Task to carry out:
Without any pictures, the records below should be reproduced exactly.
========
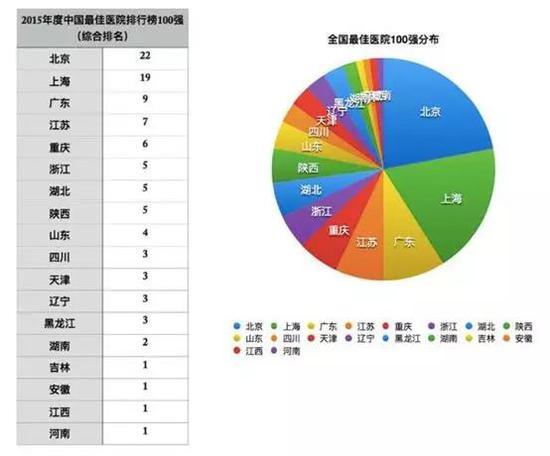 與(yu) 教育資源的空間分布類似,我國的醫療資源分布也呈現出一定的地域差異。以三甲醫院為(wei) 例,北京協和醫院、四川大學華西醫院、中國人民解放軍(jun) 總醫院,這三家醫院已連續多年分別蟬聯冠、亞(ya) 、季軍(jun) 。此外,全國最好的醫療資源主要集中的北京、上海、廣州這三座城市,排行榜100家醫院中,這三個(ge) 城市占了一半,而另外的一半則被其它省市瓜分。
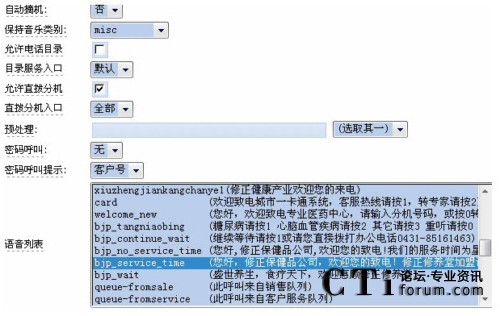 可以根據(jù)其自身業(yè)務的特點,設定多個處理呼入電話的隊列。針對每個隊列,都可以設定固定接聽坐席和動態(tài)接聽坐席,以便根據(jù)來電情況,靈活調(diào)整某個隊列接聽話務員的人數(shù)。用戶還可以方便的設定每個隊列的等候音樂,隊列位置提示以及溢出路由。針對隊列中的各個坐席,用戶還可以靈活設定振鈴的策略。
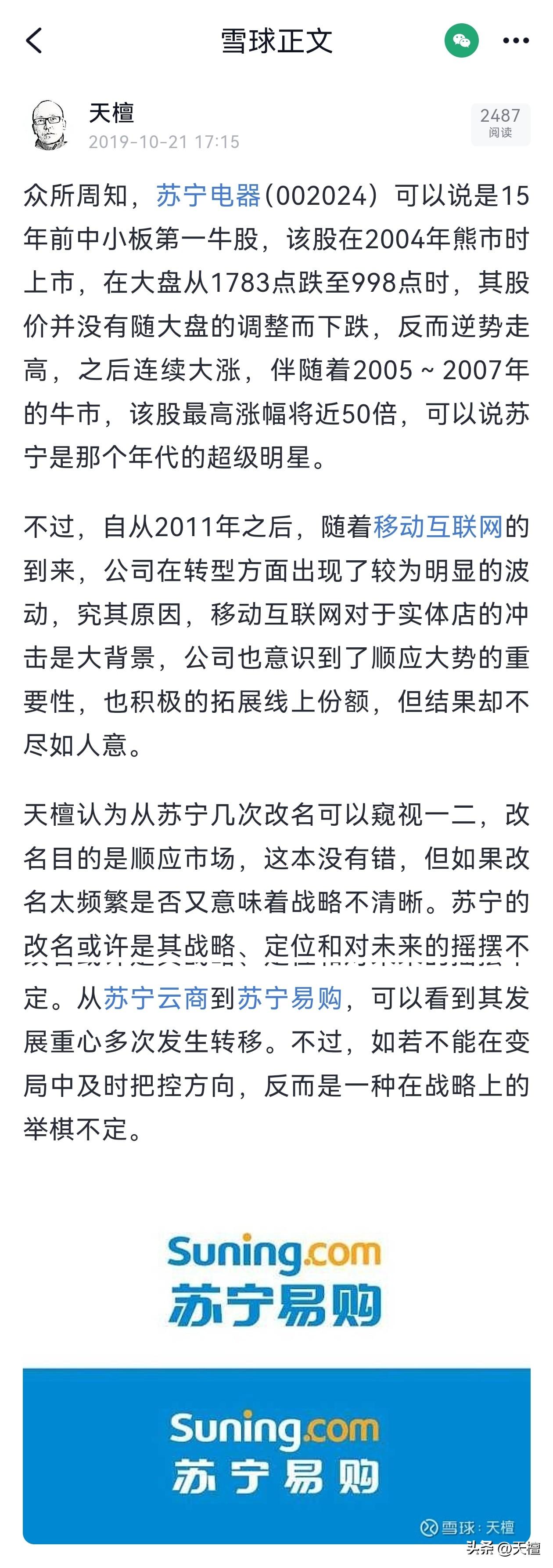 7年前的2019年,我两次对苏宁这个企业表达了从我的角度看到的问题!
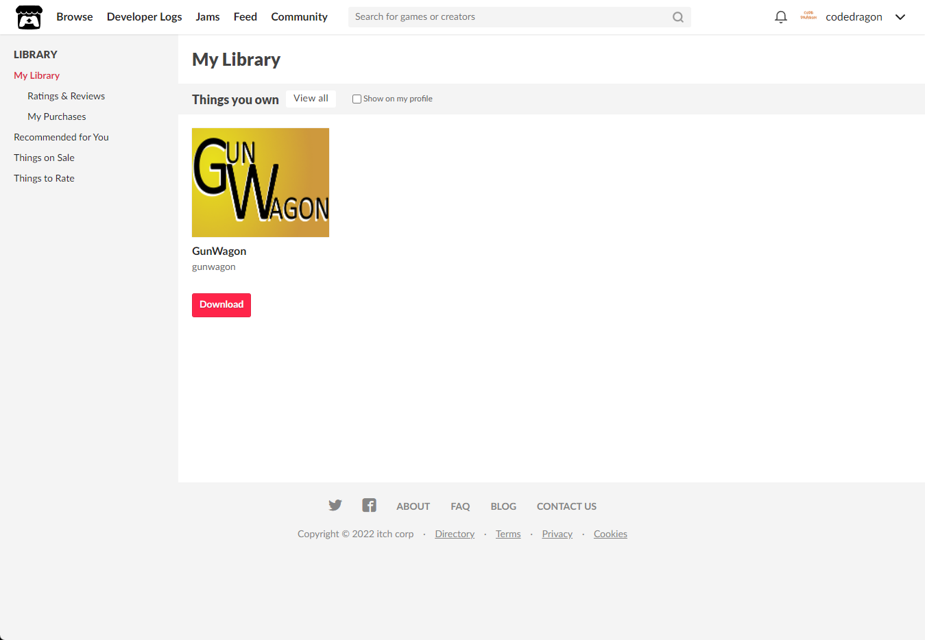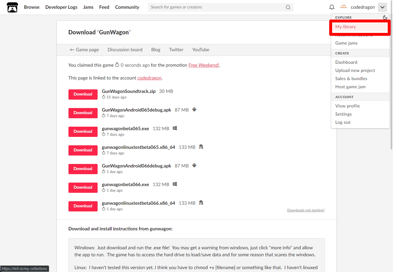 [Claim game]을 클릭하면 "GunWagon" 게임이 나의 게임 라이브러리에 추가되고 설치파일을 다운받을 수 있는 페이지로 이동됩니다.
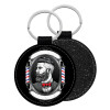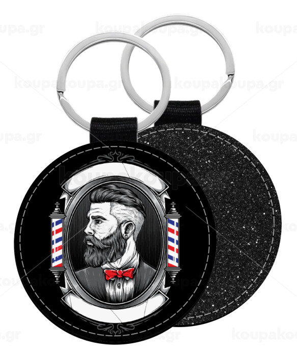 Barber shop, Μπρελόκ Δερματίνη, στρογγυλό ΜΑΥΡΟ (5cm)
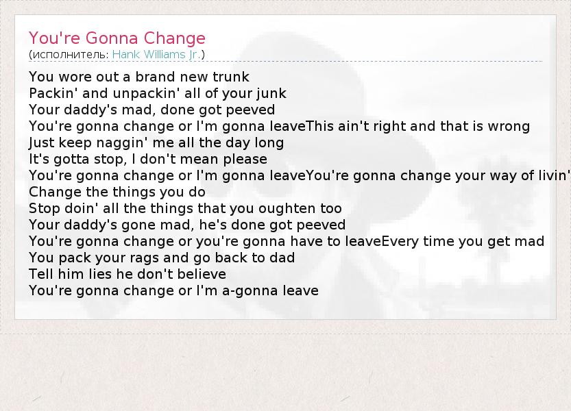 А как ты думаешь, о чем песня "You're Gonna Change" ?
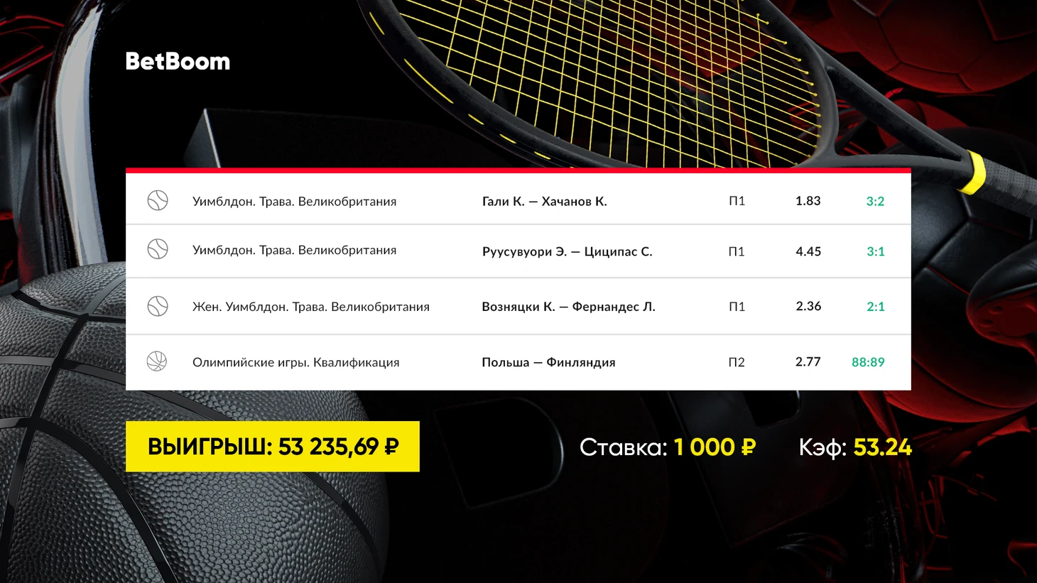 Клиент BetBoom удачно сориентировался и собрал экспресс из трех исходов на Уимблдон, два из которых в лайве, а также одного из матчей квалификации на Олимпийский турнир по баскетболу. Зашедший купон принес беттору 53 235 рублей со ставки в 1 000! Коэффициент экспресса составил 53.24.
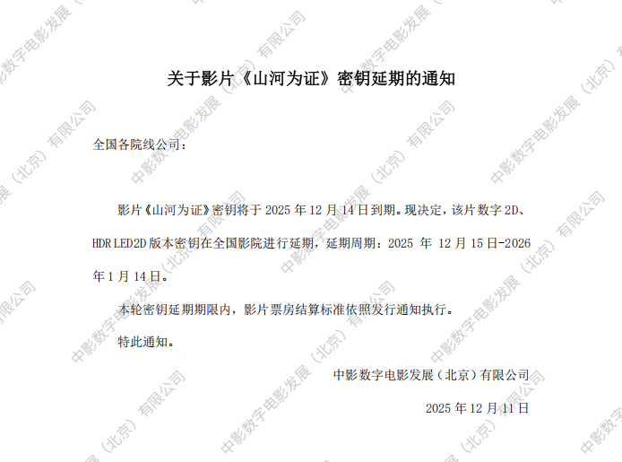 《山河为证》第二次密钥延期的通知
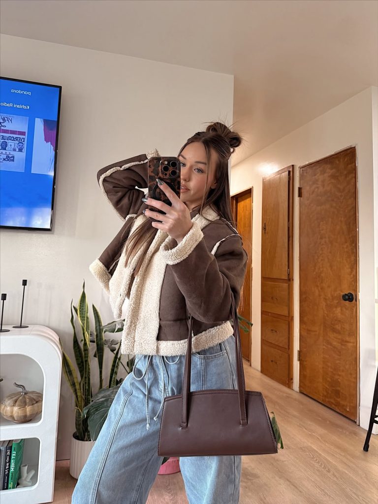 A relaxed yet polished take on street style, this look blends a cropped brown shearling jacket with slouchy denim, creating an outfit that works for women balancing warmth and casual comfort.
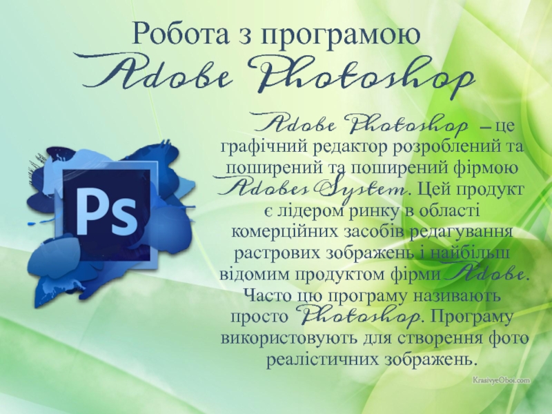 поширений фірмою Adobes System. Цей продукт є лідером ринку в області комерційних засобів редагування растрових зображень і найбільш відомим продуктом фірми Adobe. Часто цю програму називають просто Photoshop. Програму використовують для створення фото реалістичних зображень.
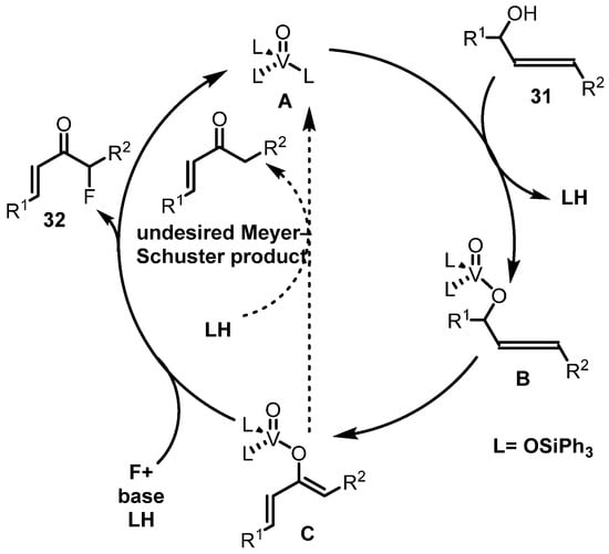 - Trost, B.M.; Tracy, J.S.; Yusoontorn, T. Vanadium-Catalyzed Coupling of Allenols with Electrophilic Halide Sources for the Formation of α-Halo-α′,β′-Unsaturated Ketones. Org. Lett. 2019, 21, 1207–1211. [Google Scholar] [CrossRef]
========
Response:
 與(yu) 教育資源的空間分布類似,我國的醫療資源分布也呈現出一定的地域差異。以三甲醫院為(wei) 例,北京協和醫院、四川大學華西醫院、中國人民解放軍(jun) 總醫院,這三家醫院已連續多年分別蟬聯冠、亞(ya) 、季軍(jun) 。此外,全國最好的醫療資源主要集中的北京、上海、廣州這三座城市,排行榜100家醫院中,這三個(ge) 城市占了一半,而另外的一半則被其它省市瓜分。
 可以根據(jù)其自身業(yè)務的特點,設定多個處理呼入電話的隊列。針對每個隊列,都可以設定固定接聽坐席和動態(tài)接聽坐席,以便根據(jù)來電情況,靈活調(diào)整某個隊列接聽話務員的人數(shù)。用戶還可以方便的設定每個隊列的等候音樂,隊列位置提示以及溢出路由。針對隊列中的各個坐席,用戶還可以靈活設定振鈴的策略。
 7年前的2019年,我两次对苏宁这个企业表达了从我的角度看到的问题!
 [Claim game]을 클릭하면 "GunWagon" 게임이 나의 게임 라이브러리에 추가되고 설치파일을 다운받을 수 있는 페이지로 이동됩니다.
 Barber shop, Μπρελόκ Δερματίνη, στρογγυλό ΜΑΥΡΟ (5cm)
 А как ты думаешь, о чем песня "You're Gonna Change" ?
 Клиент BetBoom удачно сориентировался и собрал экспресс из трех исходов на Уимблдон, два из которых в лайве, а также одного из матчей квалификации на Олимпийский турнир по баскетболу. Зашедший купон принес беттору 53 235 рублей со ставки в 1 000! Коэффициент экспресса составил 53.24.
 《山河为证》第二次密钥延期的通知
 A relaxed yet polished take on street style, this look blends a cropped brown shearling jacket with slouchy denim, creating an outfit that works for women balancing warmth and casual comfort.
 поширений фірмою Adobes System. Цей продукт є лідером ринку в області комерційних засобів редагування растрових зображень і найбільш відомим продуктом фірми Adobe. Часто цю програму називають просто Photoshop. Програму використовують для створення фото реалістичних зображень.
 - Trost, B.M.; Tracy, J.S.; Yusoontorn, T. Vanadium-Catalyzed Coupling of Allenols with Electrophilic Halide Sources for the Formation of α-Halo-α′,β′-Unsaturated Ketones. Org. Lett. 2019, 21, 1207–1211. [Google Scholar] [CrossRef]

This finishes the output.